Counterintuitive AttributeError in Birch for very large numbers #17966

THaar50 · 2020-07-21T19:53:02Z

Describe the bug

Input data containing very large numbers causes overflows in the Birch algorithm, that manifest in different errors depending on the branching factor parameter. If the number of data points is smaller than or equal to the branching factor a ValueError is thrown in AgglomerativeClustering, but if this number exceeds the branching factor an AttributeError is thrown instead. Since both errors are caused by the input data I would expect to get a ValueError in both cases.

Steps/Code to Reproduce

Running the same code with less data points causes a ValueError, otherwise an AttributeError.
Example:

from sklearn.cluster import Birch

X = [[1.30830774e+307, 6.02217328e+307],
     [1.54166067e+308, 1.75812744e+308],
     [5.57938866e+307, 4.13840113e+307],
     [1.36302835e+308, 1.07968131e+308],
     [1.58772669e+308, 1.19380571e+307],
     [2.20362426e+307, 1.58814671e+308],
     [1.06216028e+308, 1.14258583e+308],
     [7.18031911e+307, 1.69661213e+308],
     [7.91182553e+307, 5.12892426e+307],
     [5.58470885e+307, 9.13566765e+306],
     [1.22366243e+308, 8.29427922e+307]]

clusterer = Birch(branching_factor=10)
clusterer.fit(X)

Expected Results

A ValueError that specifies the range of allowed values like in other clustering algorithms:

ValueError: Input contains NaN, infinity or a value too large for dtype('float64').

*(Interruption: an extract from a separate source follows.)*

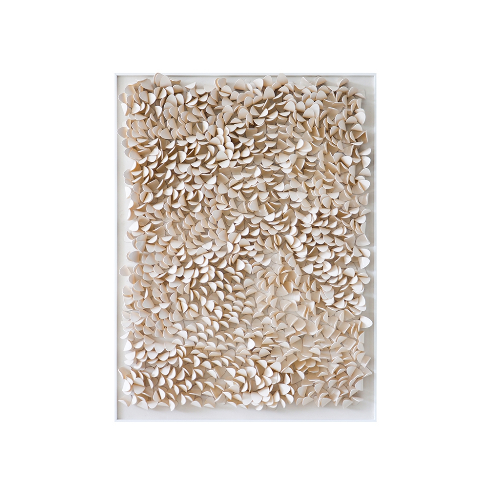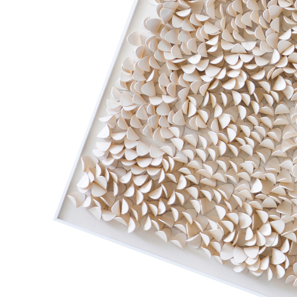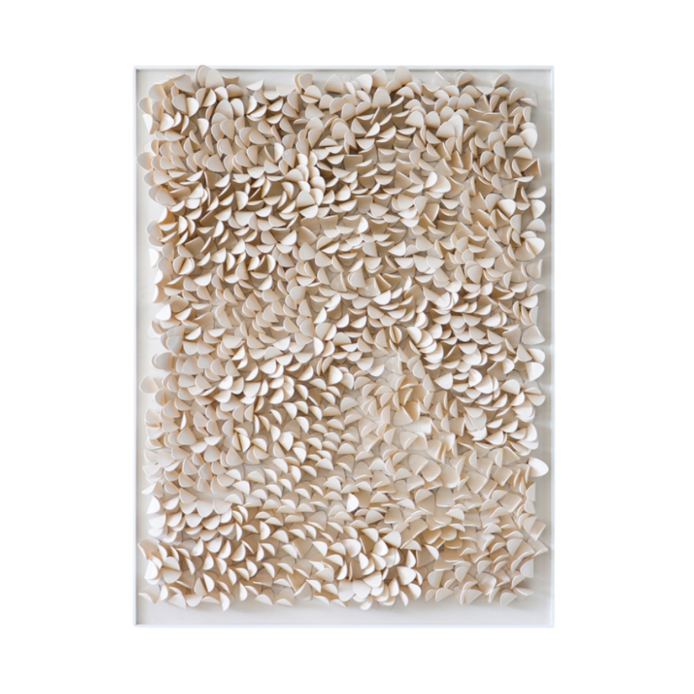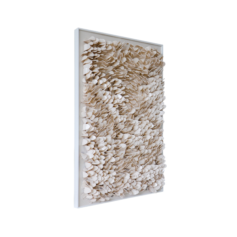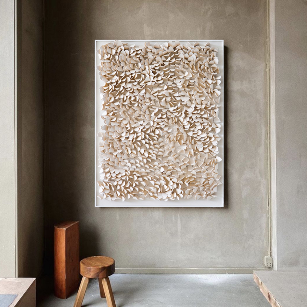 Un cuadro decorativo tridimensional de impresionante belleza, con texturas en acrílico beige y una elegante caja de acrílico.

Or a similar error like the ValueError from the case where data points are smaller than or equal to the branching factor:

ValueError: The condensed distance matrix must contain only finite values.

Actual Results

C:\Program Files\Python37\lib\site-packages\numpy\core\fromnumeric.py:90: RuntimeWarning: overflow encountered in reduce
  return ufunc.reduce(obj, axis, dtype, out, **passkwargs)
C:\Program Files\Python37\lib\site-packages\sklearn\cluster\_birch.py:189: RuntimeWarning: invalid value encountered in add
  dist_matrix += self.squared_norm_
C:\Program Files\Python37\lib\site-packages\sklearn\cluster\_birch.py:304: RuntimeWarning: overflow encountered in add
  new_ls = self.linear_sum_ + nominee_cluster.linear_sum_
C:\Program Files\Python37\lib\site-packages\sklearn\cluster\_birch.py:309: RuntimeWarning: invalid value encountered in double_scalars
  sq_radius = (new_ss + dot_product) / new_n + new_norm
C:\Program Files\Python37\lib\site-packages\numpy\core\fromnumeric.py:90: RuntimeWarning: overflow encountered in reduce
  return ufunc.reduce(obj, axis, dtype, out, **passkwargs)
C:\Program Files\Python37\lib\site-packages\sklearn\utils\extmath.py:153: RuntimeWarning: overflow encountered in matmul
  ret = a @ b
C:\Program Files\Python37\lib\site-packages\sklearn\metrics\pairwise.py:310: RuntimeWarning: invalid value encountered in add
  distances += XX
C:\Program Files\Python37\lib\site-packages\sklearn\cluster\_birch.py:81: RuntimeWarning: invalid value encountered in less
  node1_closer = node1_dist < node2_dist
C:\Program Files\Python37\lib\site-packages\sklearn\cluster\_birch.py:294: RuntimeWarning: overflow encountered in add
  self.linear_sum_ += subcluster.linear_sum_
Traceback (most recent call last):
  File "C:\Users\thaar\PycharmProjects\sklearn-dev\birch_test.py", line 61, in <module>
    clusterer.fit(X)
  File "C:\Program Files\Python37\lib\site-packages\sklearn\cluster\_birch.py", line 463, in fit
    return self._fit(X)
  File "C:\Program Files\Python37\lib\site-packages\sklearn\cluster\_birch.py", line 510, in _fit
    self.root_.append_subcluster(new_subcluster1)
  File "C:\Program Files\Python37\lib\site-packages\sklearn\cluster\_birch.py", line 158, in append_subcluster
    self.init_sq_norm_[n_samples] = subcluster.sq_norm_
AttributeError: '_CFSubcluster' object has no attribute 'sq_norm_'

Versions

System:
python: 3.7.3 (v3.7.3:ef4ec6ed12, Mar 25 2019, 22:22:05) [MSC v.1916 64 bit (AMD64)]
executable: C:\Users\thaar\PycharmProjects\sklearn-dev\venv\Scripts\python.exe
machine: Windows-10-10.0.18362-SP0

Python dependencies:
pip: 20.1.1
setuptools: 49.2.0
sklearn: 0.23.1
numpy: 1.18.4
scipy: 1.4.1
Cython: None
pandas: 1.0.5
matplotlib: 3.2.1
joblib: 0.14.1
threadpoolctl: 2.0.0

Built with OpenMP: True

The text was updated successfully, but these errors were encountered:

thomasjpfan · 2020-07-21T20:35:36Z

X has values that are just barely under np.finfo(np.float64).max so it passes through check_array and the calculating in birch is doing calculations with these values that is going over the max.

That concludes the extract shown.